Effectiveness. For training to be effective, it must focus on the needs of the department and its personnel. The department must be able to effectively serve its community. This means our personnel must be able to effectively provide the services our citizens need. As a department, we must ensure training is done that supports the services we provide. We must also make the training effective for our personnel. It must be focused on them–not just their needs but their existing skill levels. If their existing skills are not maintained and then improved on, the training has not been effective. If the citizens don’t see the members of our department performing effectively on the scene, our training has not served its purpose.
Efficiency. Training must be done in an efficient manner. This simply means keeping it focused enough to be manageable and meeting a stated objective. There are only so many hours in the day, and training must fit in with many other duties that we have to perform. Longer, elaborate training drills require more planning and can be scheduled appropriately, but the bulk of our training should address a particular skill or objective. We must break our training up and focus on what we can effectively accomplish in small drills.
Relevance. The training we do must be relevant. This means it must support what we do and meet our operational needs. The calls that we respond to will dictate what items we train on. They will reveal our needs, as those types of calls will dictate required proficiency. They will also show where we have weaknesses and a need for improvement.
The knowledge, skills, and abilities on which we train must be related to the jobs we do on the street as closely as possible. The relevance can best be measured by how our training can make us safer, more effective, and more efficient at the jobs we do.
Training to Standard. This can carry a dual meaning. The first part of this is that we must train to meet the applicable standards where they exist. The standards exist for a reason.
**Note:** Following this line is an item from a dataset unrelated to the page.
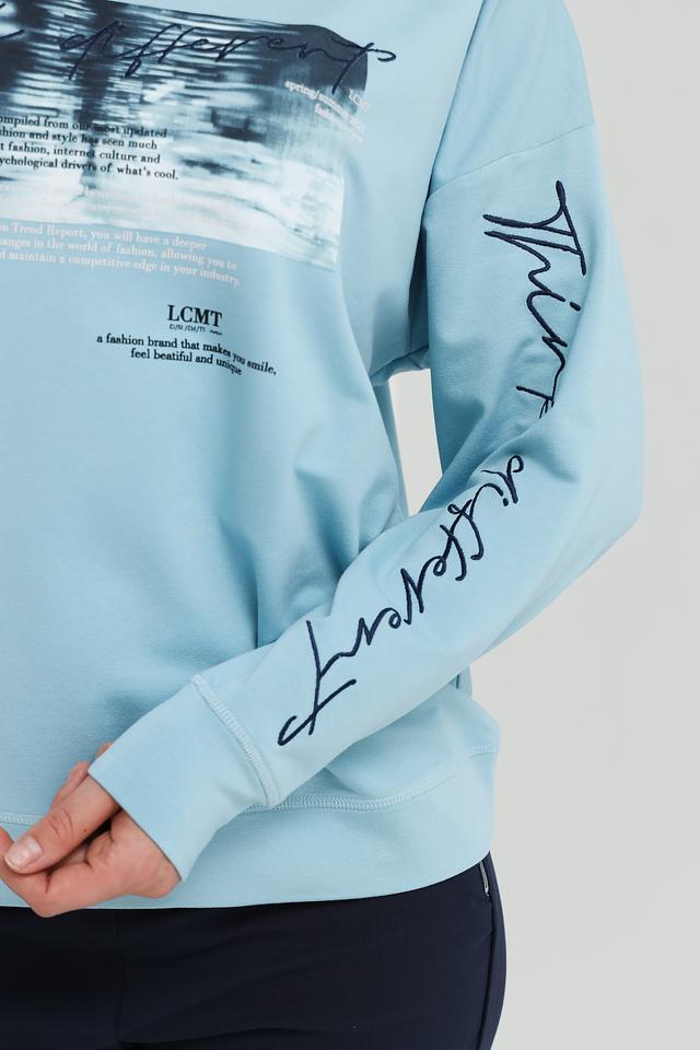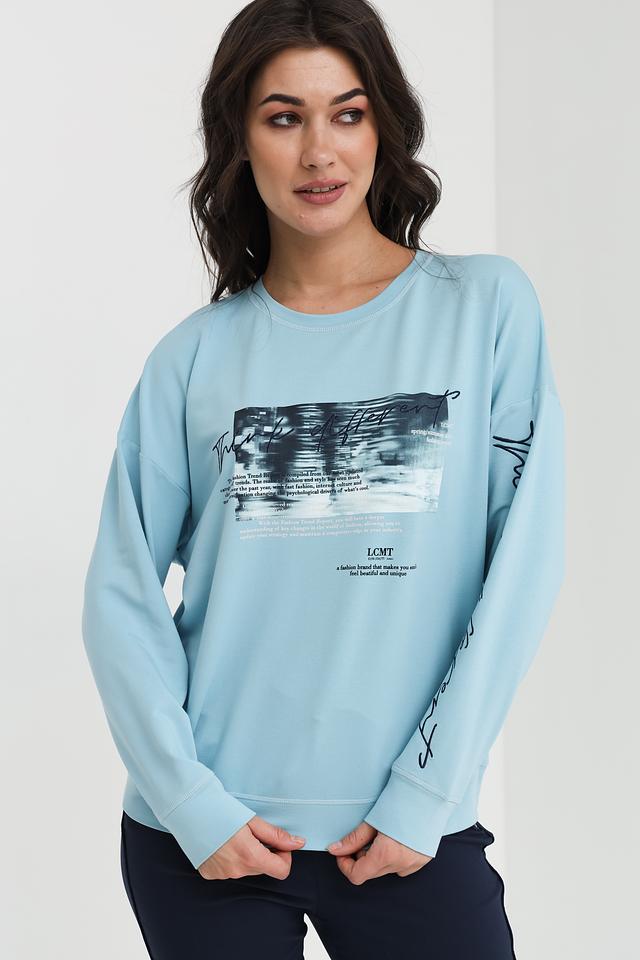 Женская толстовка Lecomte голубого цвета с оригинальным принтом на лицевой стороне. Изготовлена из мягкого и приятного к телу сочетания хлопка и модала, обеспечивающего комфорт при носке. Стильный и удобный вариант для повседневного образа. Состав: хлопок 48%, модал 48%, эластан 4%
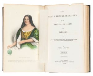M’KENNEY (Thomas Loraine). • Memoirs, Official and Personal : with Sketches of Travels among the northern and southern Indians : embracing a War Excursion, and Descriptions of Scenes along the Western Borders. •• On the Origin, History, Character, and the Wrongs and Rights of the Indians, with a Plan for the Preservation and Happiness of the Remnants of that persecuted Race. New York, Paine and Burgess, 1846. 2 tomes en un volume in-8° bradel, percaline noire, dos orné (cartonnage de l’époque). « Second edition. » • Un portrait de l’auteur en frontispice, une lettre en fac-similé, et six planches lithographiées. •• Un portrait de « Po-Ca-Hon-Tas » en couleurs en frontispice et cinq planches lithographiées. Deux timbres humides sur le premier titre : rousseurs.

In fire or rescue training, the skills and evolutions we do should meet the applicable standard. In EMS training, we must meet the applicable standards and ensure we meet criteria established under medical protocol.
The second part of this is simple: Ensure your training meets a high standard. Don’t set a low standard or low example for your personnel. Ensure that when you train, you train toward a purpose and set high expectations. Do not waste your people’s time with poor training.
David L. Haines is a 26-year fire service veteran and the training captain with the Salisbury (MD) Fire Department (SFD), where he has served since 2003. He began his fire service career in 1993 as a volunteer with the Berlin (MD) Fire Company, where he rose through the ranks to become a lieutenant. He also served on several committees before retiring in 2012. Haines teaches numerous classes and programs for the SFD Academy. Since 2005, he has taught fire and rescue classes as a field instructor with the Maryland Fire and Rescue Institute, serving at the Lower Eastern Shore Regional Training Center.